BEGIN DATA PROVIDED
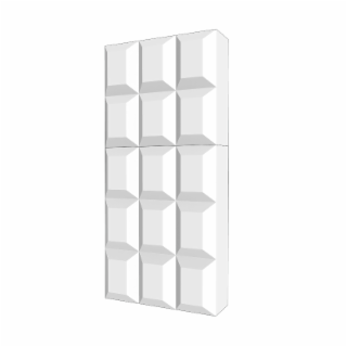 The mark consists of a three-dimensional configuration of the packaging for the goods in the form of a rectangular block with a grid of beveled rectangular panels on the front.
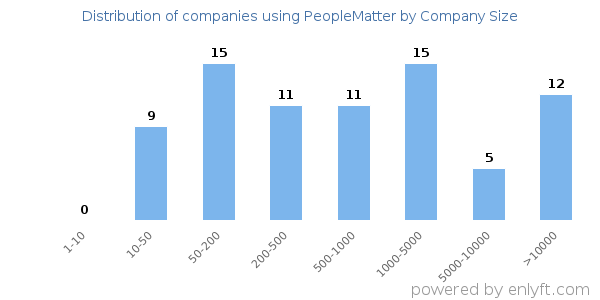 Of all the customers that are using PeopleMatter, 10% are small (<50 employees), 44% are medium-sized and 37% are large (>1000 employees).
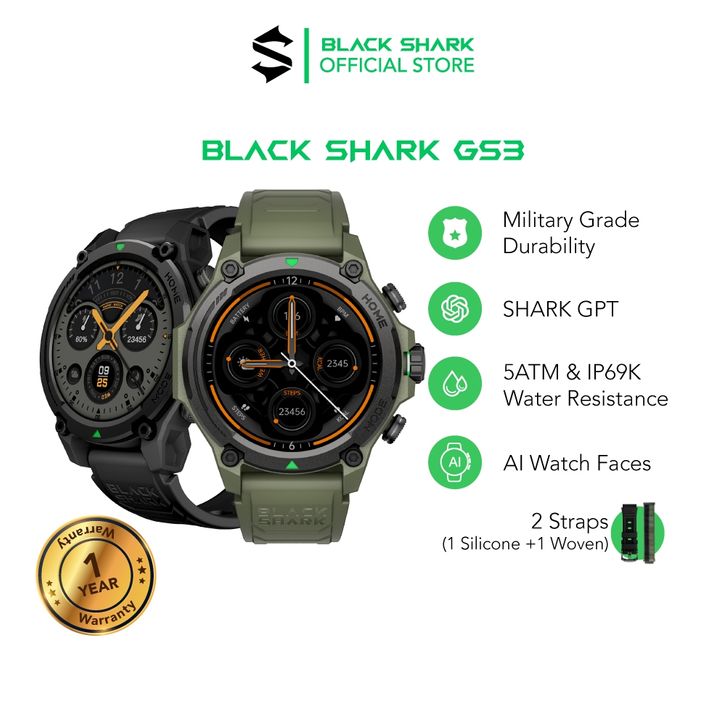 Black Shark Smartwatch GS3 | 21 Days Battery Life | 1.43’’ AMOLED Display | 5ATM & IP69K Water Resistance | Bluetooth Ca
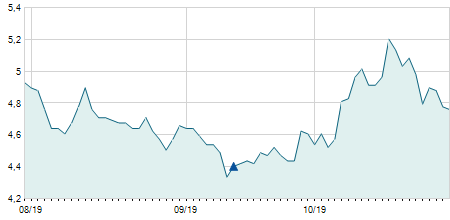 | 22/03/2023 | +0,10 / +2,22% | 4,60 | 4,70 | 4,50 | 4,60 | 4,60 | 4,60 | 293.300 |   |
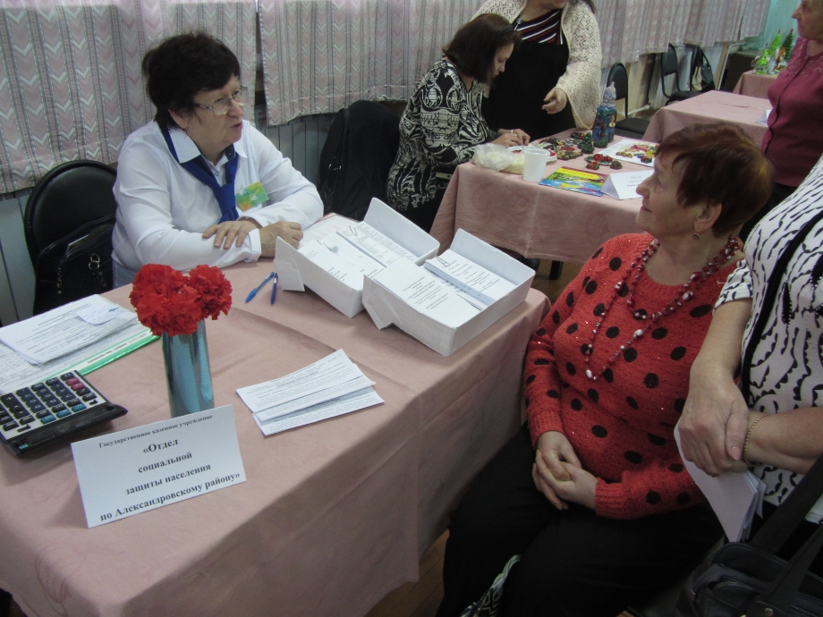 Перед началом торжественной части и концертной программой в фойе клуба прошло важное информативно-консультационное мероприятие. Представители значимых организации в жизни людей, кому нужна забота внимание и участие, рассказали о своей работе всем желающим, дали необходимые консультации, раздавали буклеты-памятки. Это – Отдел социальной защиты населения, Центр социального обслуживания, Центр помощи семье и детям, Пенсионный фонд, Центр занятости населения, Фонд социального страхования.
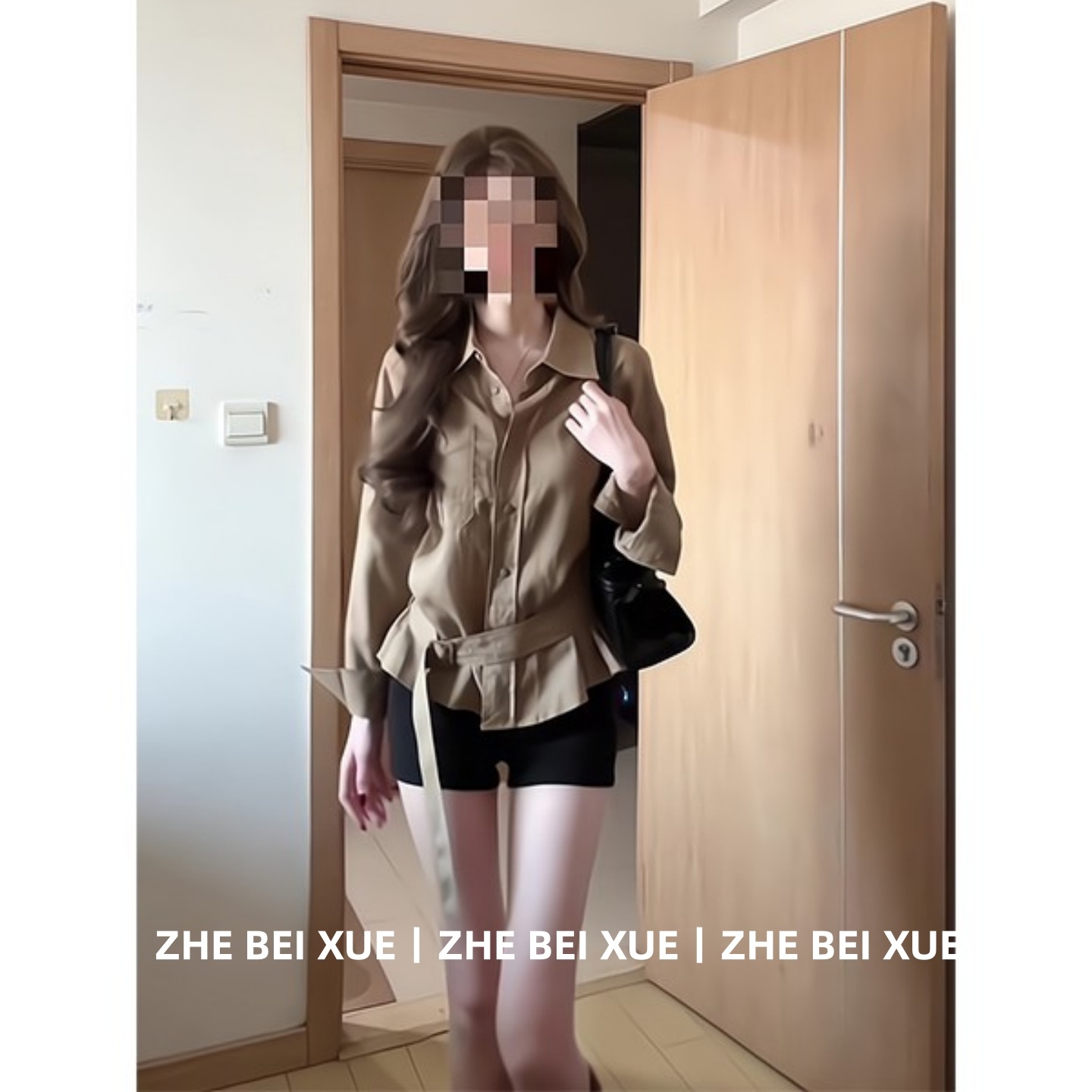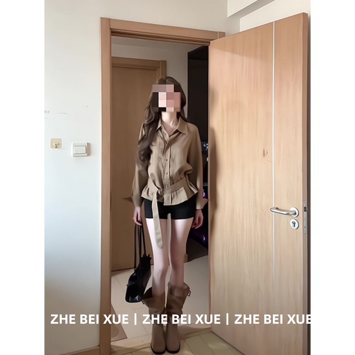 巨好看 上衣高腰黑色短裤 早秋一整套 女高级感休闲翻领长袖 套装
END DATA PROVIDED
Transcribe the data exactly, minus any images.

**RESPONSE TO THE EXERCISE**
 The mark consists of a three-dimensional configuration of the packaging for the goods in the form of a rectangular block with a grid of beveled rectangular panels on the front.
 Of all the customers that are using PeopleMatter, 10% are small (<50 employees), 44% are medium-sized and 37% are large (>1000 employees).
 Black Shark Smartwatch GS3 | 21 Days Battery Life | 1.43’’ AMOLED Display | 5ATM & IP69K Water Resistance | Bluetooth Ca
 | 22/03/2023 | +0,10 / +2,22% | 4,60 | 4,70 | 4,50 | 4,60 | 4,60 | 4,60 | 293.300 |   |
 Перед началом торжественной части и концертной программой в фойе клуба прошло важное информативно-консультационное мероприятие. Представители значимых организации в жизни людей, кому нужна забота внимание и участие, рассказали о своей работе всем желающим, дали необходимые консультации, раздавали буклеты-памятки. Это – Отдел социальной защиты населения, Центр социального обслуживания, Центр помощи семье и детям, Пенсионный фонд, Центр занятости населения, Фонд социального страхования.
 巨好看 上衣高腰黑色短裤 早秋一整套 女高级感休闲翻领长袖 套装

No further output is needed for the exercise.